A/B Testing Glossary
A friendly A/B testing glossary with simple definitions for common experimentation terms.
- A/B Test
A controlled experiment comparing two or more versions of something (like a web page or feature) to see which performs better.
- Absolute Uplift
The raw difference in conversion rates (e.g., 12% vs. 10% = +2%).
- AOV (Average Order Value)
The average amount of money spent per order.
- ARPV (Average Revenue per Visitor)
The average revenue earned per visitor to your site.
- Bayesian Analysis
An approach that estimates the probability one variant is better than another — often easier to interpret than traditional statistics.
- Breakdown Analysis
A closer look at performance by segment to uncover patterns or outliers.
- Confidence Level
The percentage of confidence in your result — for example, 95% means you’re 95% sure the difference is real.
- Control
The original version used as a baseline to measure improvement.
- Conversion
When a user completes your desired action, like making a purchase or signing up.
- Conversion Rate
The percentage of users who convert out of all who saw the variant.
- Credible Interval
The range that likely contains the true result based on your data.
- CUPED (Controlled Pre-Experiment Data)
A technique that reduces noise by accounting for pre-experiment behavior, making tests more sensitive.
- Experiment Dashboard
A visual overview showing each variant’s performance, probability, and uplift.
- Experiment Drift
When external changes (like seasonality or ad campaigns) affect your test results.
- Experiment Duration
How long your test runs before results can be trusted.
- Experiment Queue
A prioritized list of upcoming tests, usually based on impact vs. effort.
- False Negative
When a real effect is missed because of too little data or bad setup.
- False Positive
When a test shows a winner by chance, not because the change really worked.
- Frequentist Analysis
A traditional statistical approach using p-values and significance levels to decide if results are real.
- Goal
The metric you want to improve in your experiment — for instance, “Sign-ups per visitor.”
- Guardrail Metric
A metric you track to ensure the experiment doesn’t harm key KPIs (like revenue or uptime).
- Holdout Group
A control group excluded from personalization or new features to measure long-term impact.
- Hypothesis
Your prediction of what change will have a positive impact — and why.
- Interaction Effect
When two changes interact and produce unexpected combined results.
- Learning Velocity
How quickly your team runs and learns from experiments — a measure of experimentation culture.
- Lift
Another word for improvement or gain over control.
- Losing Variant
A variant that performs worse than control.

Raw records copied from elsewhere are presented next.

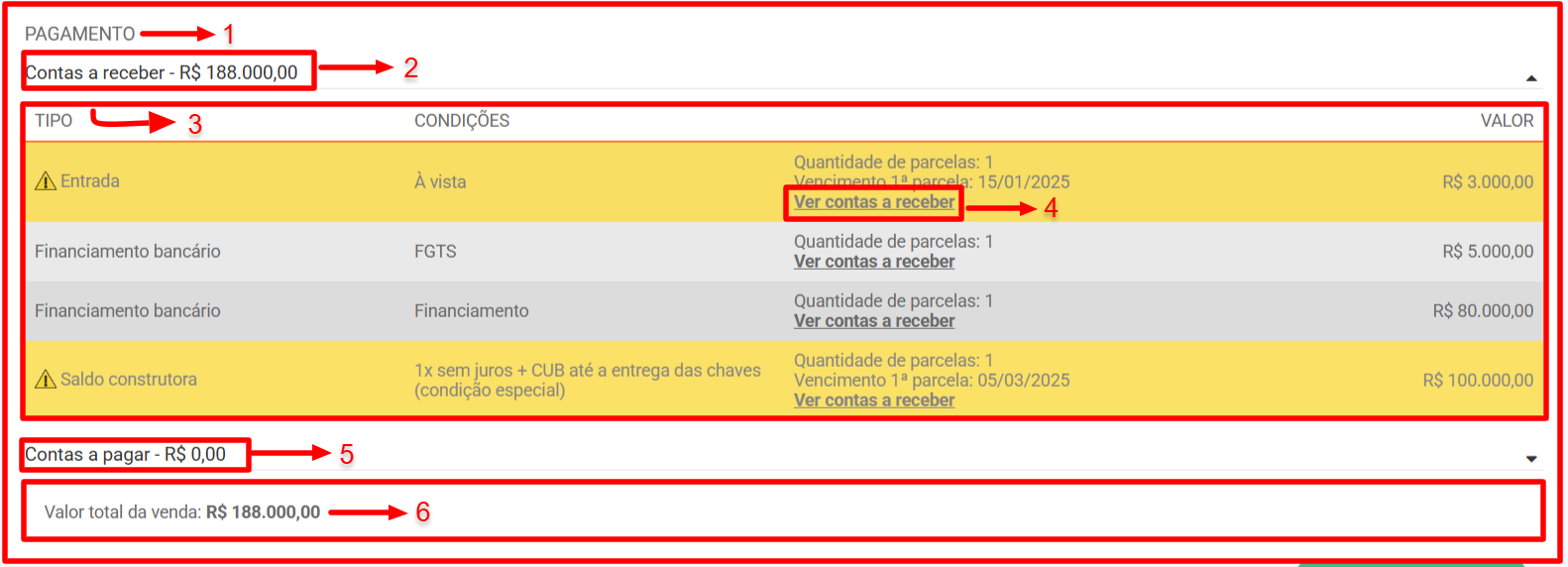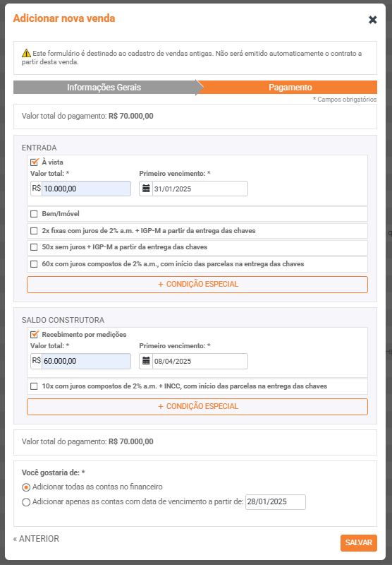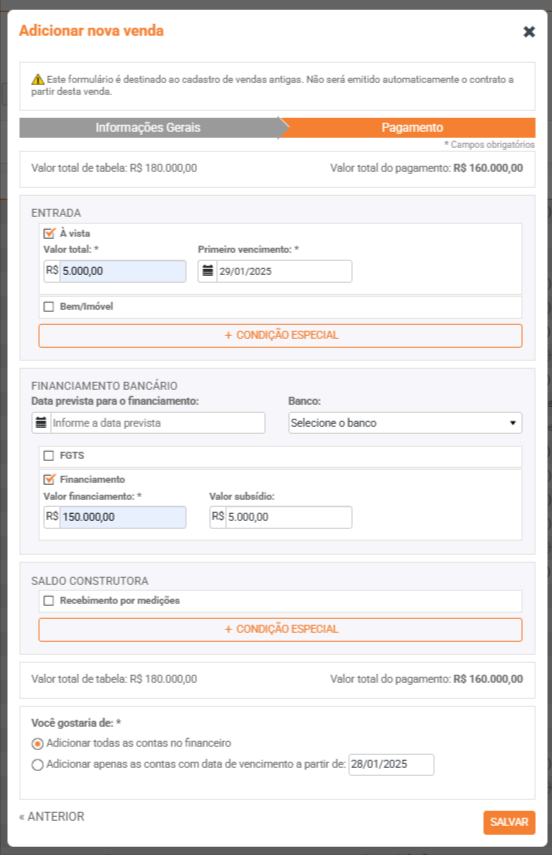 - Vale lembrar que em obras para clientes, em Pagamento só é apresentado o painel ENTRADA e SALDO CONSTRUTORA, não deixando a opção de financiamento com o banco liberada;
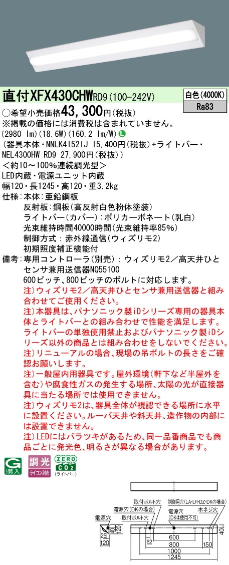 ◆注)本器具は、パナソニック製iDシリーズ専用の器具本体とライトバーとの組み合わせで性能を満足します。ライトバーの単独使用禁止およびパナソニック製iDシリーズ以外の商品とは組み合わせをしないでください。
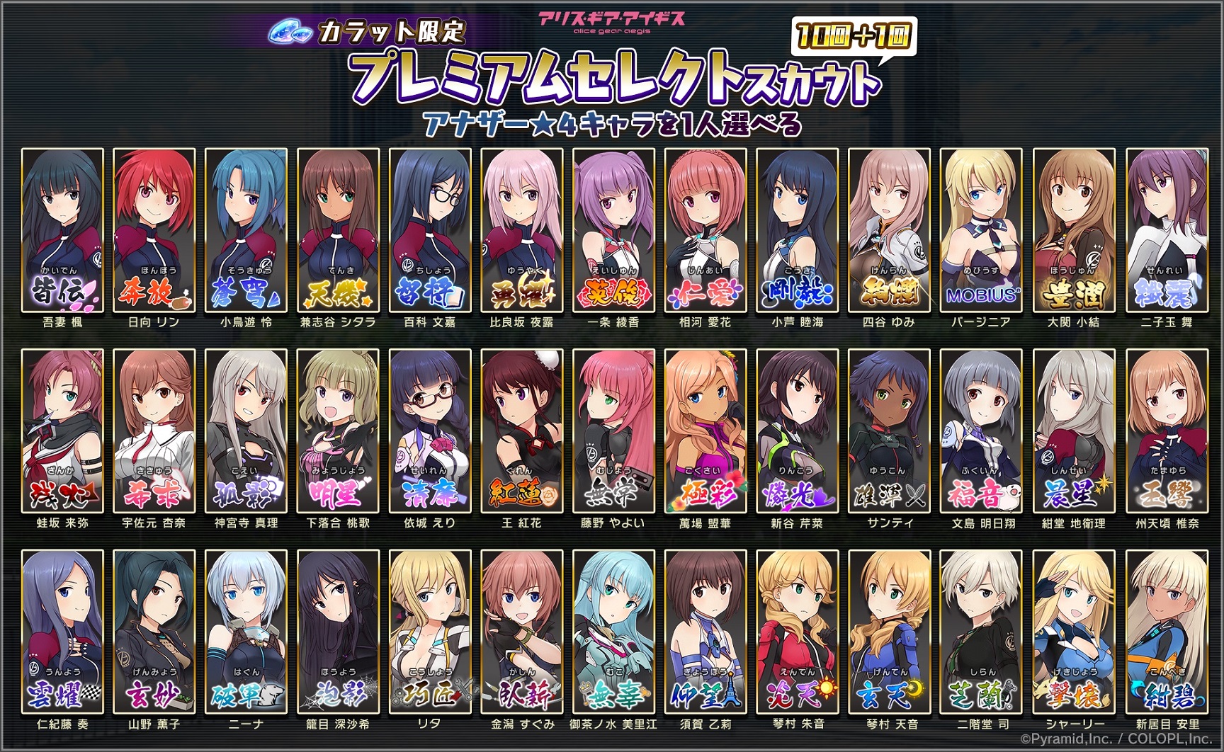 期間中、選択したアナザー★4キャラ1人が確定する「10回+1回」スカウトをカラットで引くことができます。
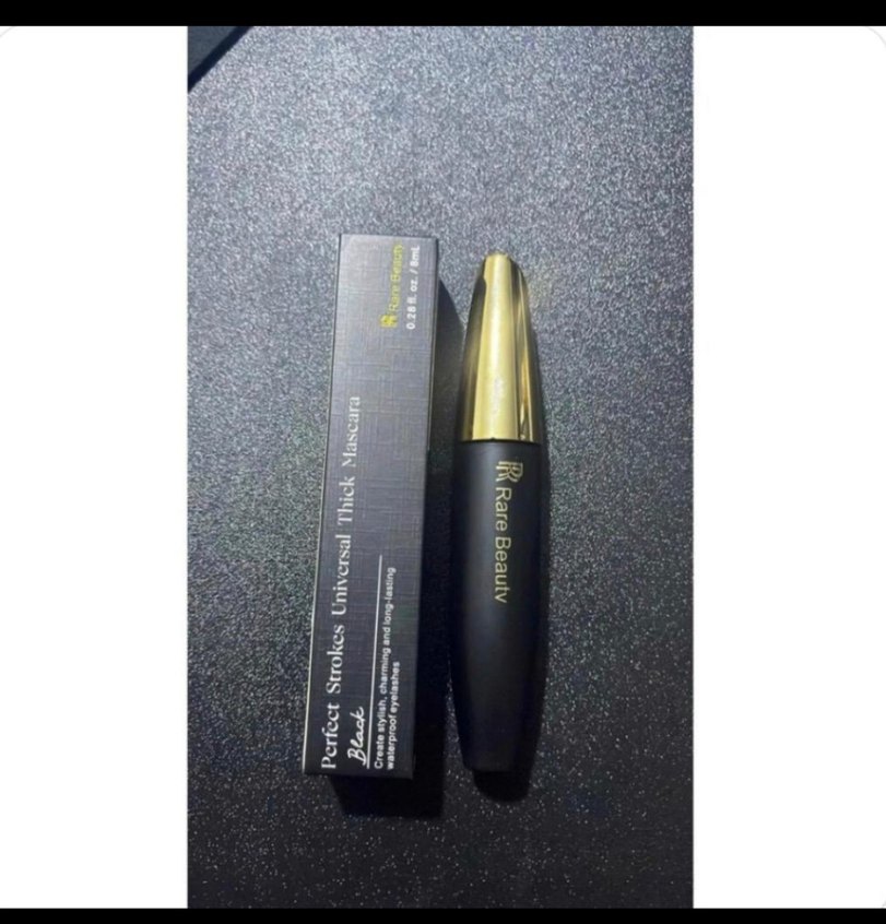 Parlak siyah renkte, kalın ve belirgin kirpikler için Rare Beauty maskara. Şık siyah ve altın kapaklı tüpte.

- Minimum Detectable Effect (MDE)
The smallest difference you care to detect between variants.
- Multi-armed Bandit
A smarter testing method that automatically sends more traffic to better-performing variants over time.
- Neutral Result
When no variant clearly outperforms the others.
- North Star Metric
The ultimate goal your experiments support — the metric that reflects long-term success.
- Posterior Distribution
In Bayesian testing, this shows the full probability range of possible outcomes.
- Power
The probability your test correctly detects a real difference.
- Primary Goal
The main metric you use to decide the winner of an experiment.
- Probability to Beat Control (PBC)
The likelihood that a variant performs better than the control.
- Relative Uplift
The percentage increase compared to control (e.g., 12% vs. 10% = +20%).
- Revenue per Session
The total revenue divided by total sessions — a common goal metric in e-commerce.
- Sample Size
The number of visitors or conversions you need for reliable results.
- Secondary Goal
Additional metrics you track to understand side effects or extra insights.
- Segment
A subgroup of your audience, such as device type, location, or traffic source.
- Statistical Significance
A confidence measure showing the chance that results are not due to randomness.
- Stopping Rule
A rule for when to end a test — e.g., after two weeks or when confidence exceeds 95%.
- Traffic Split
How your visitors are divided between variants, such as 50/50 or 25/25/25/25.
- Treatment
Another term for a variation or test version.
- Uplift
The percentage improvement of a variant compared to the control.
- Variant (or Variation)
One of the versions being tested — for example, “A” (control) and “B” (new idea).
- Winner
The variant that performs best based on your chosen goal or probability threshold.